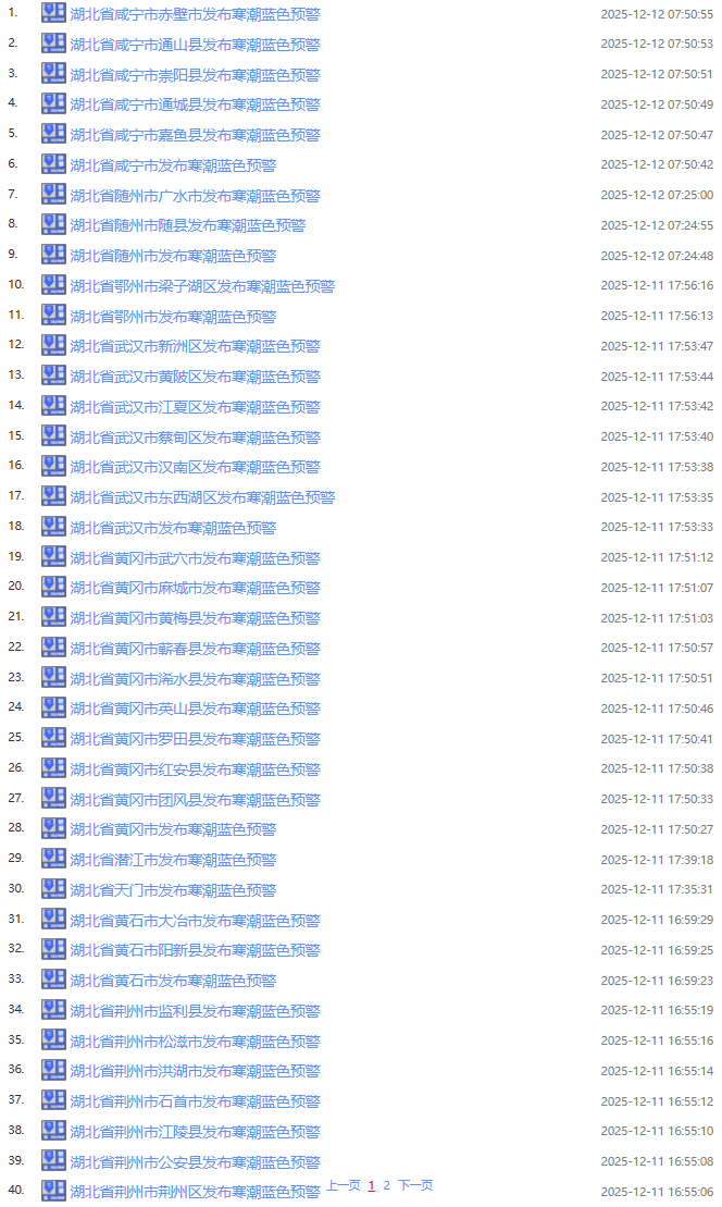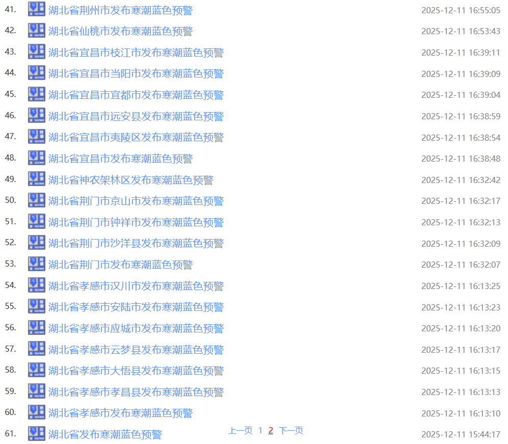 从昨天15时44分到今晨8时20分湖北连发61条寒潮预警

...

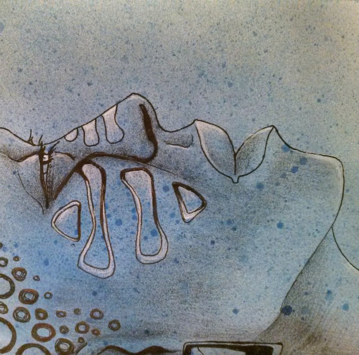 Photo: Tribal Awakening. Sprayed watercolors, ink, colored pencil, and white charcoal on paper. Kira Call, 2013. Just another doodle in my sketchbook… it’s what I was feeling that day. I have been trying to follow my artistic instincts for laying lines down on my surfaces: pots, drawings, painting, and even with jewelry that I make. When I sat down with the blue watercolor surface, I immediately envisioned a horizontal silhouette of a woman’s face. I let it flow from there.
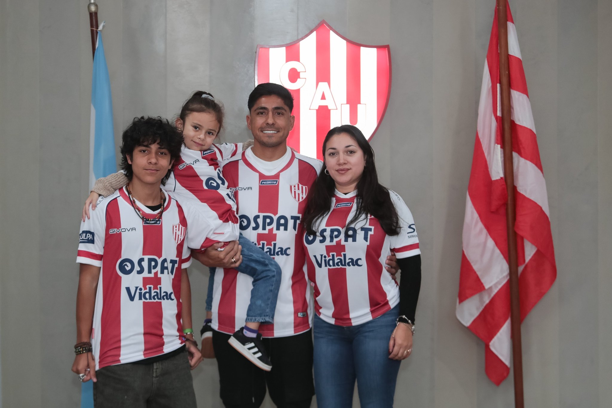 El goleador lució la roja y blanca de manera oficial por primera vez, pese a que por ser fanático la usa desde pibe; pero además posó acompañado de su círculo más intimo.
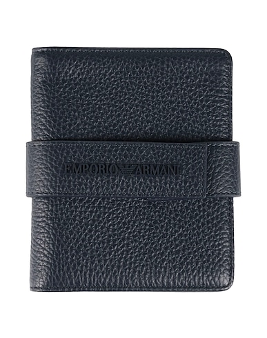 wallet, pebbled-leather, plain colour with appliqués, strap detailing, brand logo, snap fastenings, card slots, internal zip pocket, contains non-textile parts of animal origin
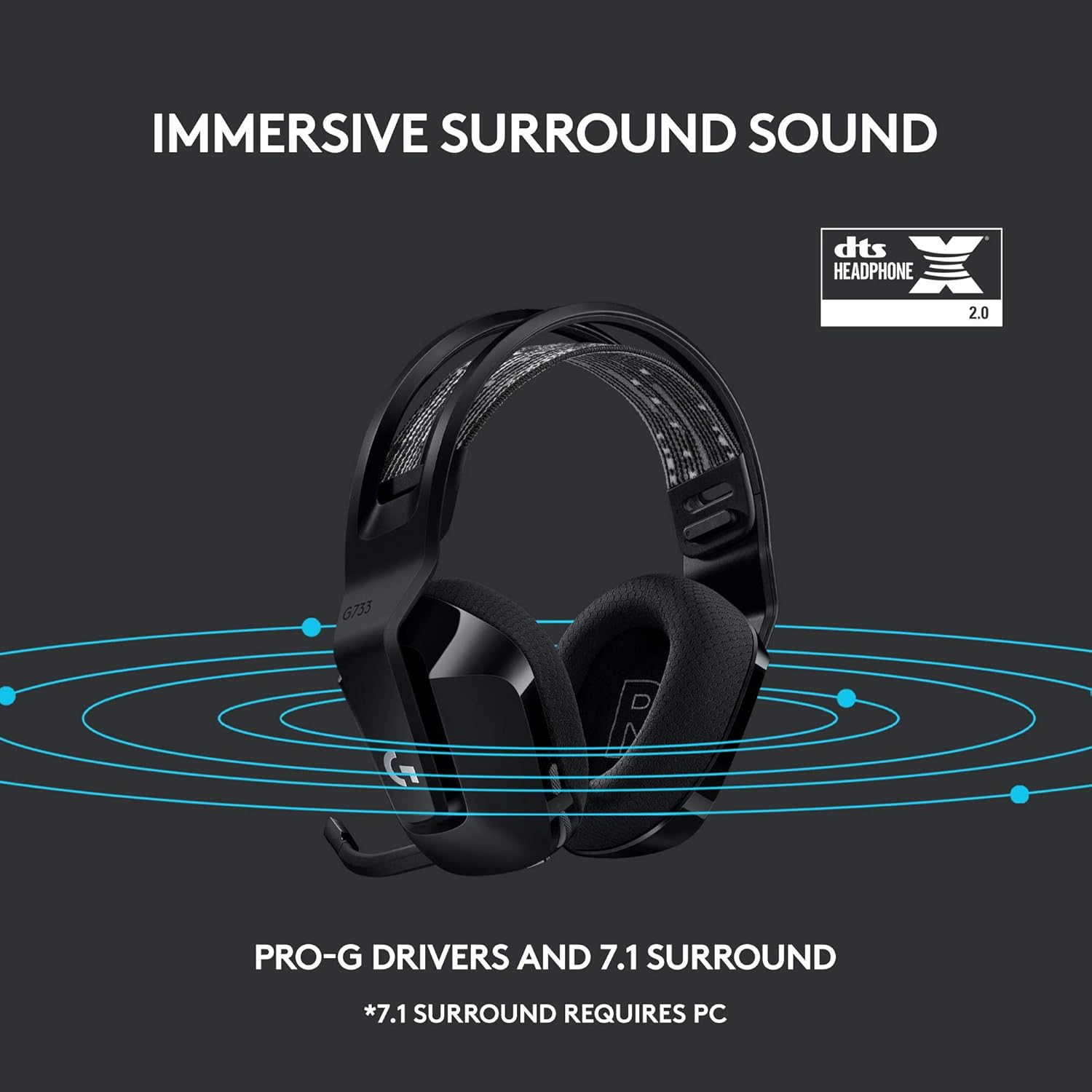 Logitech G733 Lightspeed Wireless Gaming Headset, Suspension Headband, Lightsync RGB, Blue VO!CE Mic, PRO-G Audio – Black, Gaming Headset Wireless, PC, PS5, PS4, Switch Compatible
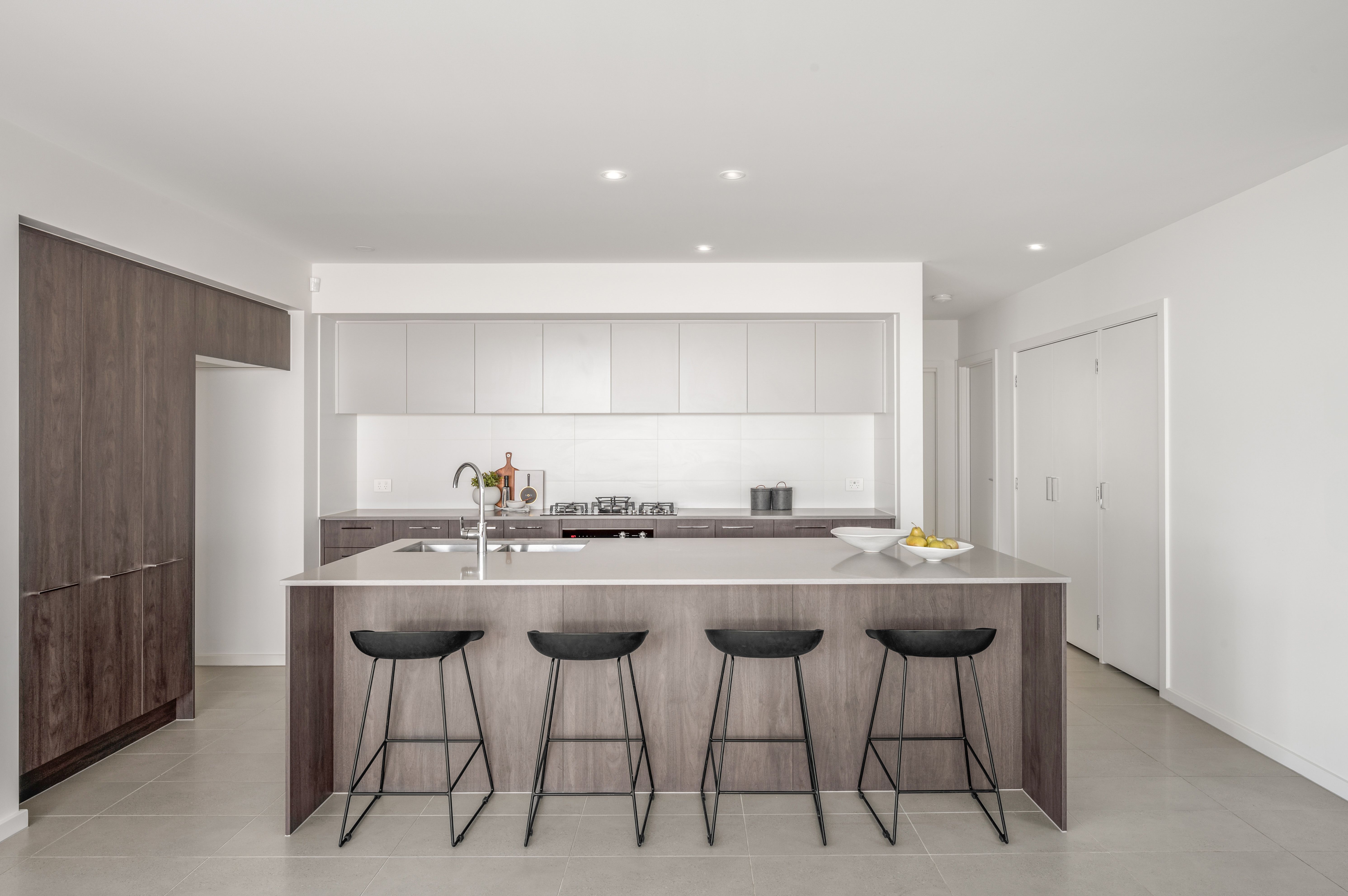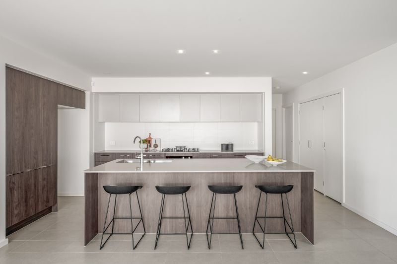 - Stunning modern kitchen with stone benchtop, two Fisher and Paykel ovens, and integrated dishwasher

_What the task asks:_ Give again the stretch of lines above from the one with "El goleador lució" through the one with "- Stunning modern", both ends kept, and copy no pictures.

_Answer for the task:_
 El goleador lució la roja y blanca de manera oficial por primera vez, pese a que por ser fanático la usa desde pibe; pero además posó acompañado de su círculo más intimo.
 wallet, pebbled-leather, plain colour with appliqués, strap detailing, brand logo, snap fastenings, card slots, internal zip pocket, contains non-textile parts of animal origin
 Logitech G733 Lightspeed Wireless Gaming Headset, Suspension Headband, Lightsync RGB, Blue VO!CE Mic, PRO-G Audio – Black, Gaming Headset Wireless, PC, PS5, PS4, Switch Compatible
 - Stunning modern kitchen with stone benchtop, two Fisher and Paykel ovens, and integrated dishwasher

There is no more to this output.